An old friend wrote me this through facebook. I would tell him ” I love you ” just to mess around because he’s never told anyone I love you back. One day I got online and to my surprise he had left me this…

People like you make me smile; partly because people like you tend to make other people smile. I worry that what I say in this message might be misunderstood so I want to take this opportunity to apologize in advance; Sorry. For the most part, I’m an honest person. In fact, I can remember several incidents in my life that (more likely than not) played a big role in shaping my attitude towards Honesty. That being said, I can remember even more incidents where I was blessed with the opportunity to express some honesty and damn the consequences…

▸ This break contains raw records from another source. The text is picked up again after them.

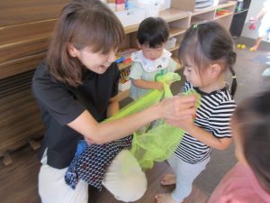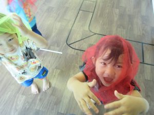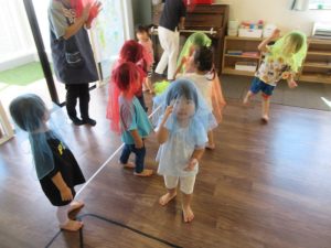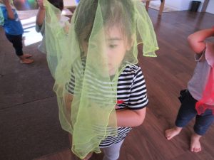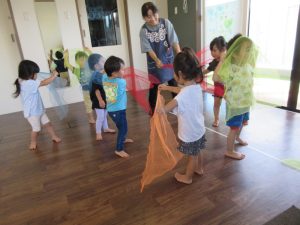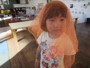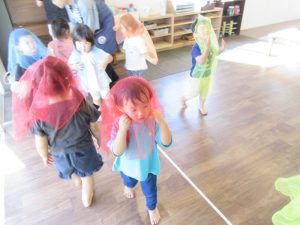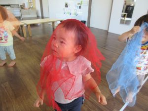 カラフルな布を使ってひらひらさせたり被って歩いてたりしました♪
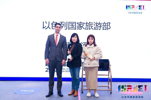 路演设置了抽奖环节,以色列国家旅游部旅游参赞蓝天与获奖嘉宾合影
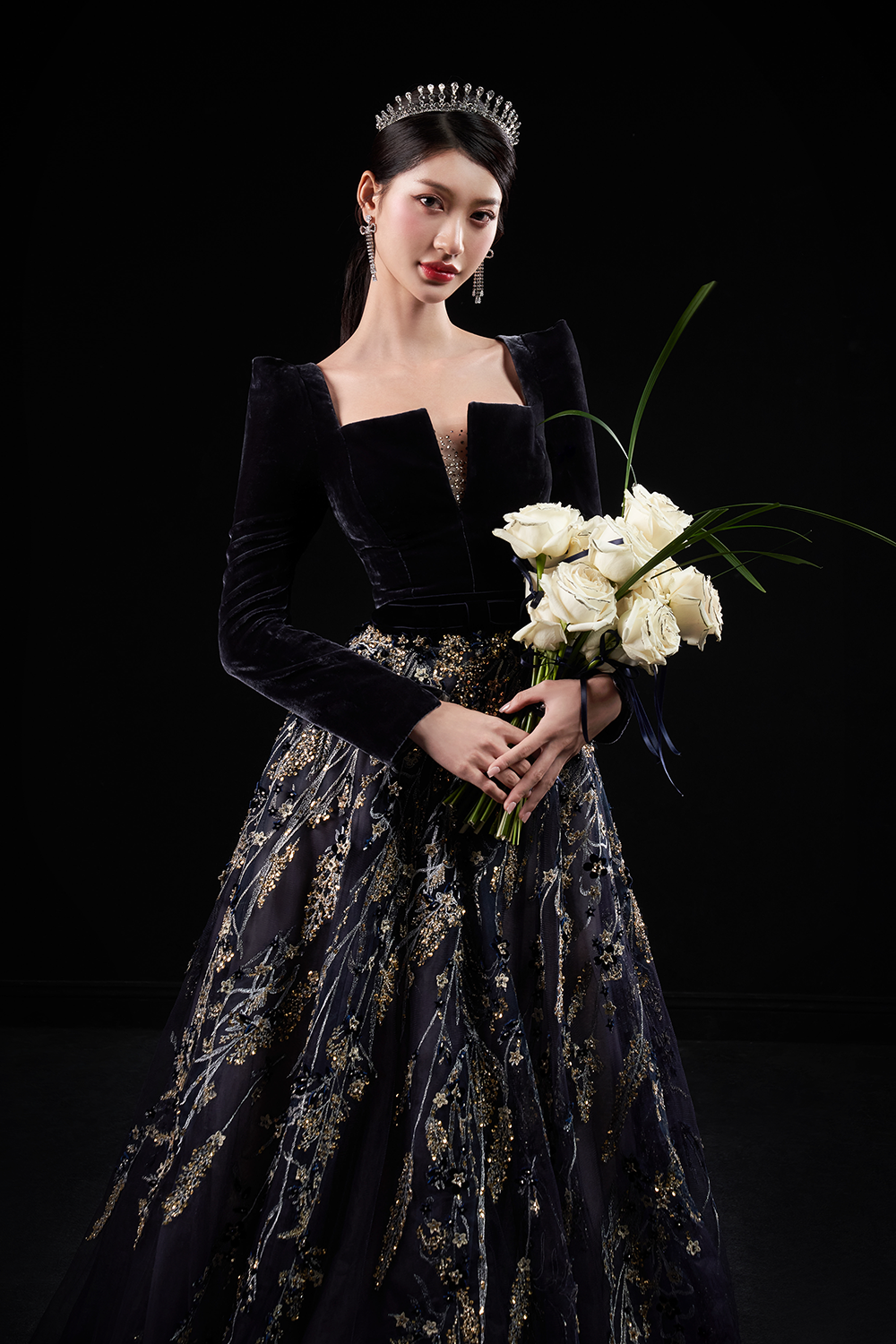 Black velvet for bodice of dress combined with leaf and floral beading makes it become classic and luxury gown

When I was in the 1st Grade, I had a crush on a girl during the winter. So, I drew her a picture because that was my idea of mackin’ at 7 years young. Actually, I traced her a picture. Come to think of it, I colored that tracing. I did a damn good job of it too! Colored right inside the lines! But whatever, that’s not important. What is important is all the sacrifices I took for this girl I knew nothing about. I got my older brother to help me write her a cheesy poem:

“Roses are red,
Violets are blue,
Sunsets are beautiful,
And you are too.”

I even made my mom buy roses! Go ahead, try to tell me that’s not the cutest shit to do for a girl at 7 years old. The next day at school, I went to her class before any kids were there and put all the stuff on her desk. Lunchtime. As I sit there at my table (eating whatever processed bologna the school was feeding us at the time) I notice her at her table facing my direction when suddenly we make eye contact. My heart started pounding, my knees were getting weak, and I started getting real nervous when…. She sticks her tounge out at me.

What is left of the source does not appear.